Figure 3. Bipartite representation of causality. Light circular orange nodes represent non-linear models that take transcription factors (dark orange rectangles) as inputs and produce predictions on a single target gene (blue). Here, we show a particular case where disjoint sets of TFs can form high-quality prediction models for one target gene, and the same TF can be in models for several target genes.

4 Results

4.1 Comparison of approaches

Figure 4 shows the accuracy of the six different modeling approaches listed in Section 2.4. Basically, feeding expression information from all the TFs into a random forest (“RF with all TFs”) yielded the best outcome.
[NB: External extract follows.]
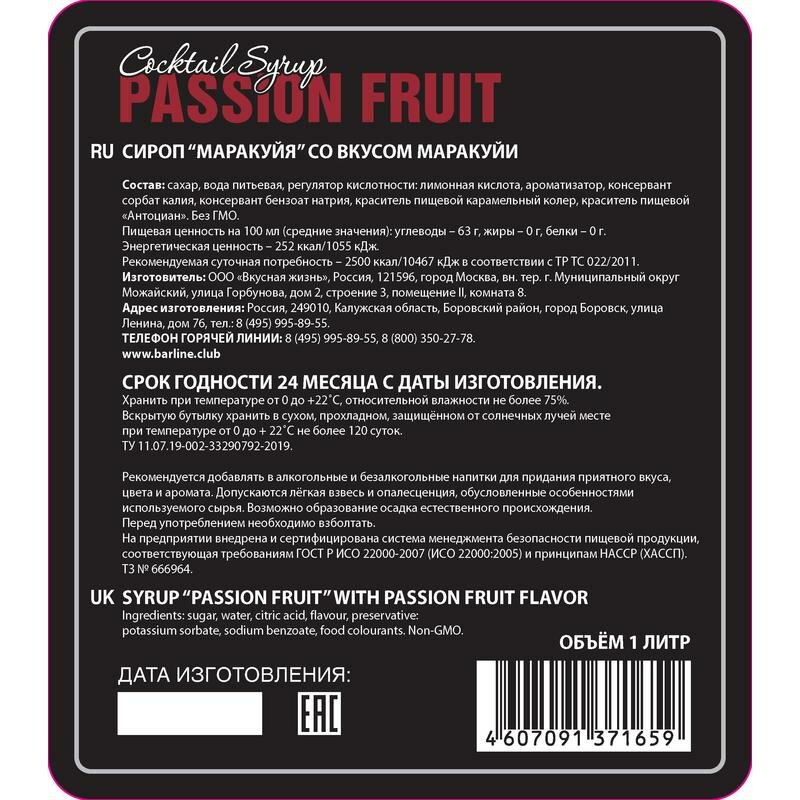 Cироп Barline Маракуйя 1л

Relying solely on known GS edges (“RF with GS TFs”) usually performed poorly, even compared to using the same number of TFs for each target gene from the random forest model (“RF with top TFs”).

Figure 4

Figure 4. Root mean square error (RMSE) performance (lower is better) of different regression models compared across four species; error bars represent the standard error of each group. When we compare all the models for each of the tested target genes, a paired non-parametric test can be applied between each pair of models to see if the performance is statistically different. The best performing models that are statistically indistinguishable this way are marked with *. “RF with all TFs” is always one of the best performing models. The caption of Table 2 provides a glossary of terms.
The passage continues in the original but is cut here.